From the listing below, give again exactly the lines from the line with "11) En regardant" to the line with "感染症予防訓練では埼玉キャンパス全員が集合して講師の方の話を聞きました!!", ends included, without any pictures.

Dataset entries START

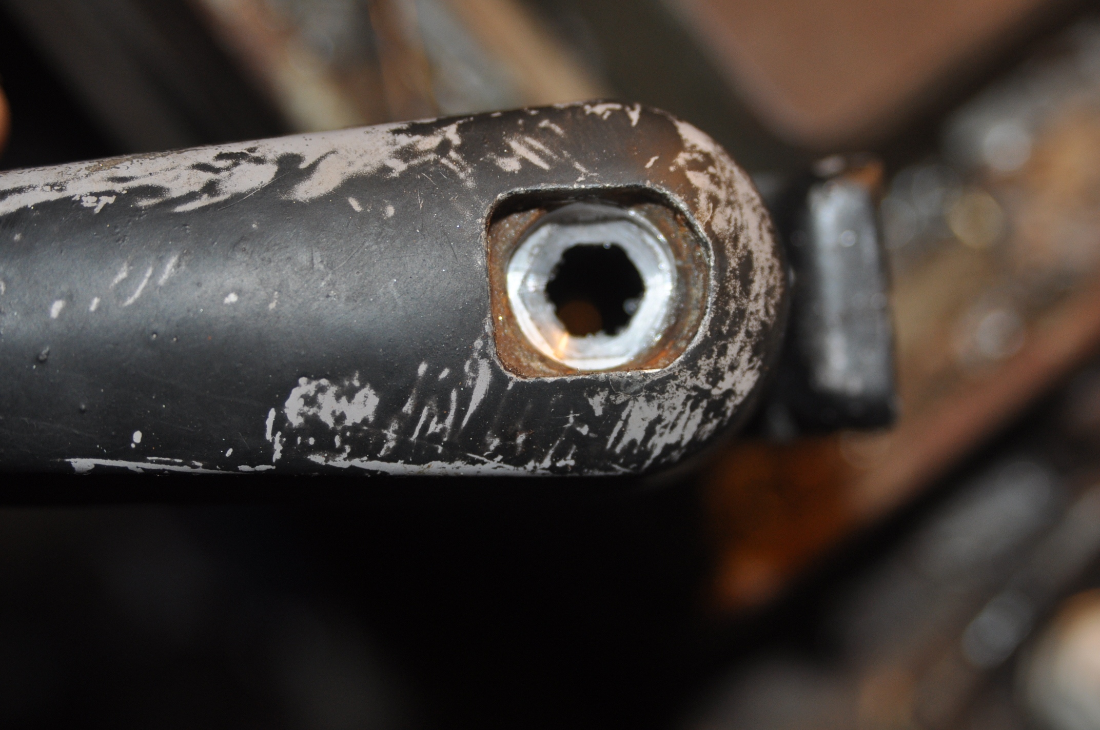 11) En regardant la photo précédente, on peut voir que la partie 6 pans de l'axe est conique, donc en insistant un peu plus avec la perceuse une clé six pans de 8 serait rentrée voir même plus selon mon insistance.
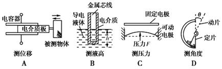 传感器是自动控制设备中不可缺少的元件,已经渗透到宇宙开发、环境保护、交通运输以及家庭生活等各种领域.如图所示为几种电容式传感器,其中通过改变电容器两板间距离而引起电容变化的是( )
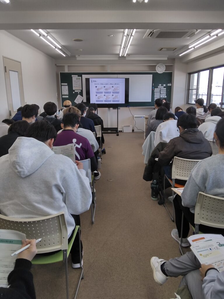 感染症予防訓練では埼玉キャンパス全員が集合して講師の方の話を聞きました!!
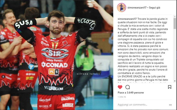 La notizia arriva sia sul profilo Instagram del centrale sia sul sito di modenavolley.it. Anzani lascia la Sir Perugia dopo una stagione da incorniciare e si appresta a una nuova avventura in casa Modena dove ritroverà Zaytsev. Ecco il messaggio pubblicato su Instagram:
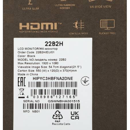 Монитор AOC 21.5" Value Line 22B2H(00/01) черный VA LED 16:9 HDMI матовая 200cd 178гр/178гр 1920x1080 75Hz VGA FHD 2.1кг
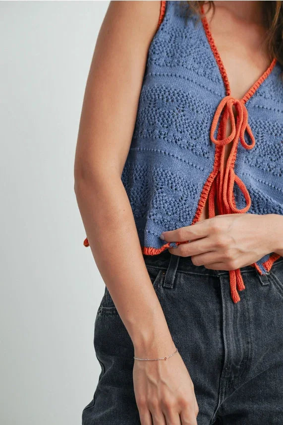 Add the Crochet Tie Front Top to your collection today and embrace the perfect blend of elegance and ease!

Dataset entries END
Dataset entries START

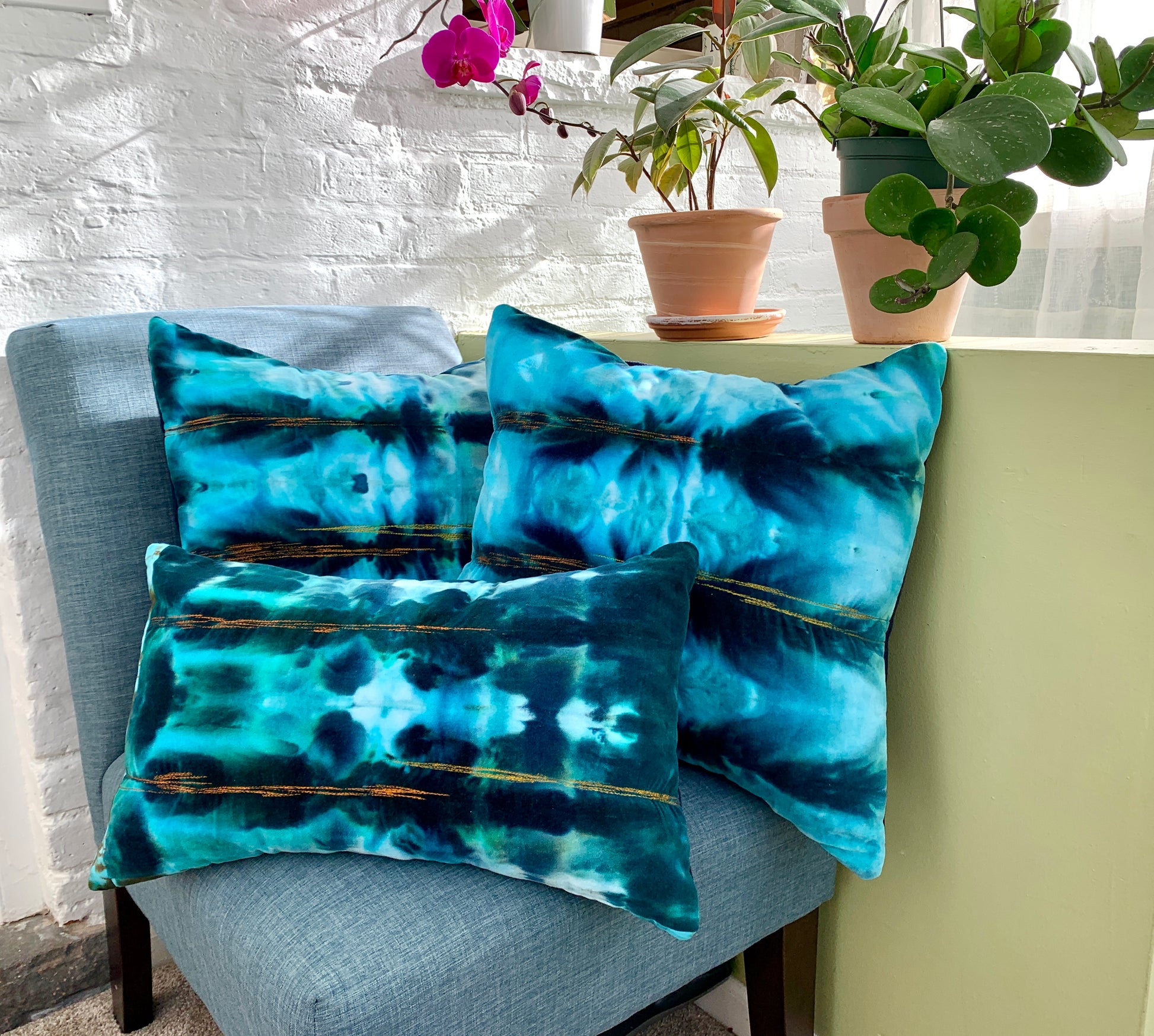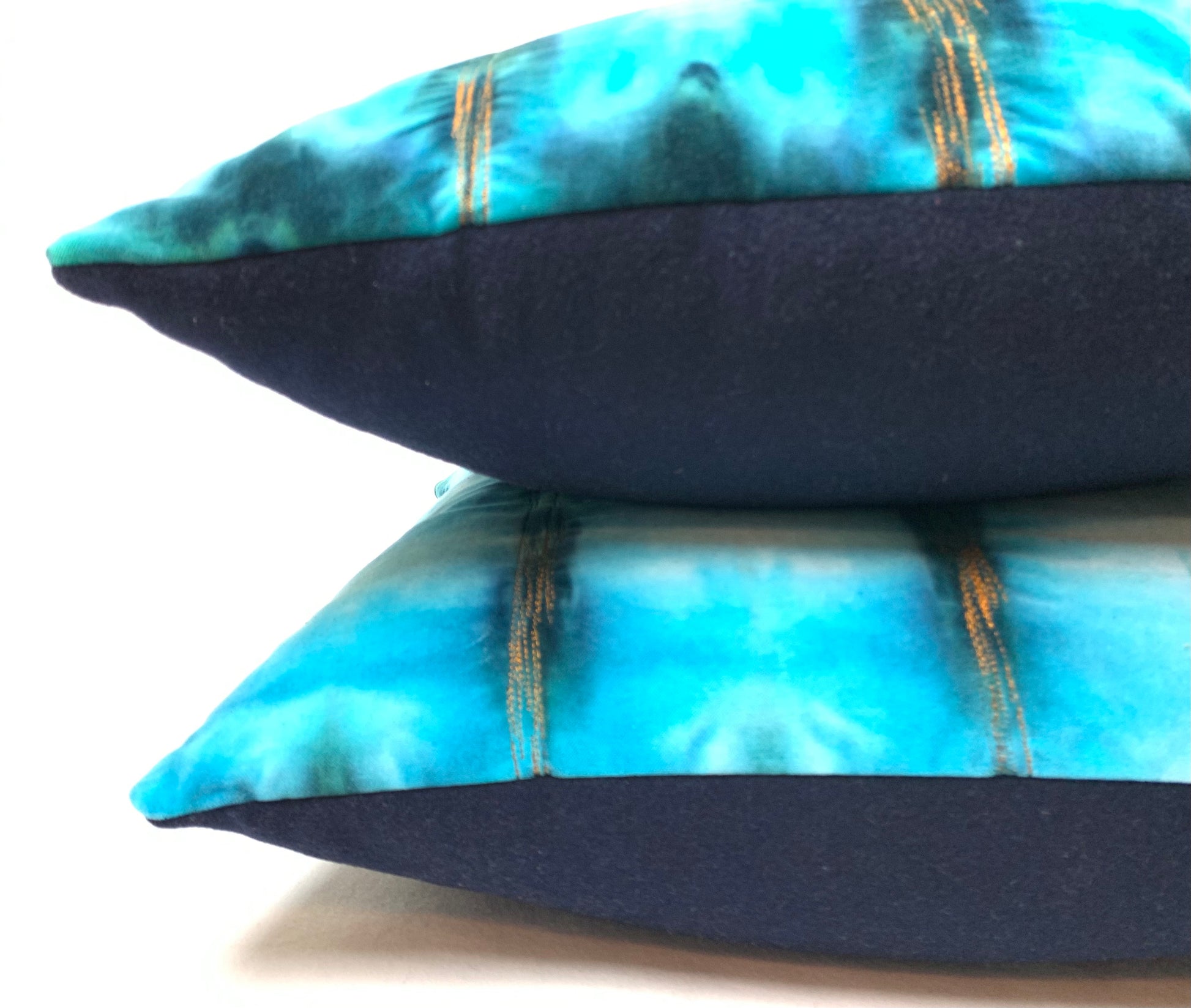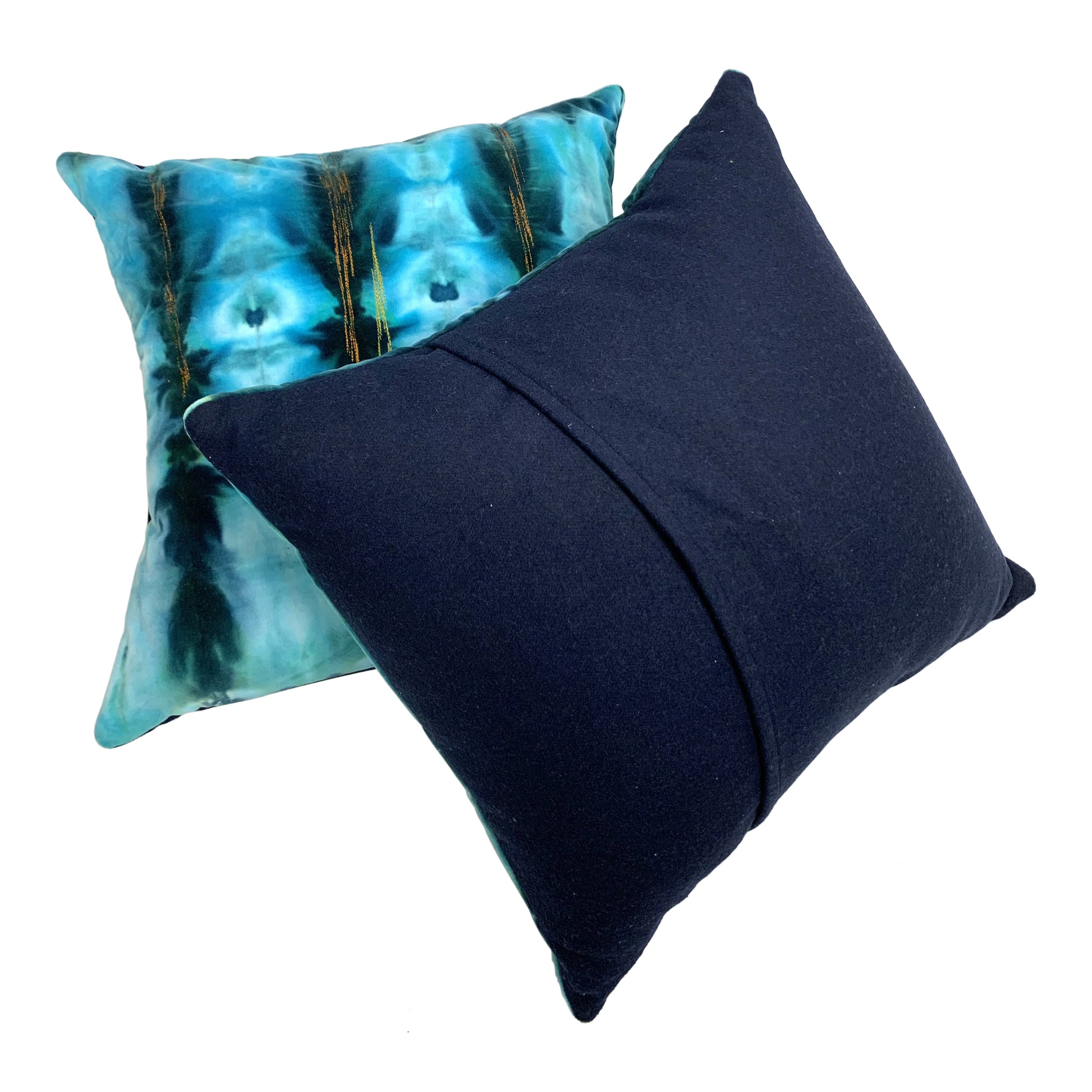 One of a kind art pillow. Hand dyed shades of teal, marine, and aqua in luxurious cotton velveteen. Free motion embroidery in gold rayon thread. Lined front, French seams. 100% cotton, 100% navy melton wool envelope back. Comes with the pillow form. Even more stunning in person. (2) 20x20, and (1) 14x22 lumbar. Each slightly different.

Dataset entries END

Solution to this exercise ->
 11) En regardant la photo précédente, on peut voir que la partie 6 pans de l'axe est conique, donc en insistant un peu plus avec la perceuse une clé six pans de 8 serait rentrée voir même plus selon mon insistance.
 传感器是自动控制设备中不可缺少的元件,已经渗透到宇宙开发、环境保护、交通运输以及家庭生活等各种领域.如图所示为几种电容式传感器,其中通过改变电容器两板间距离而引起电容变化的是( )
 感染症予防訓練では埼玉キャンパス全員が集合して講師の方の話を聞きました!!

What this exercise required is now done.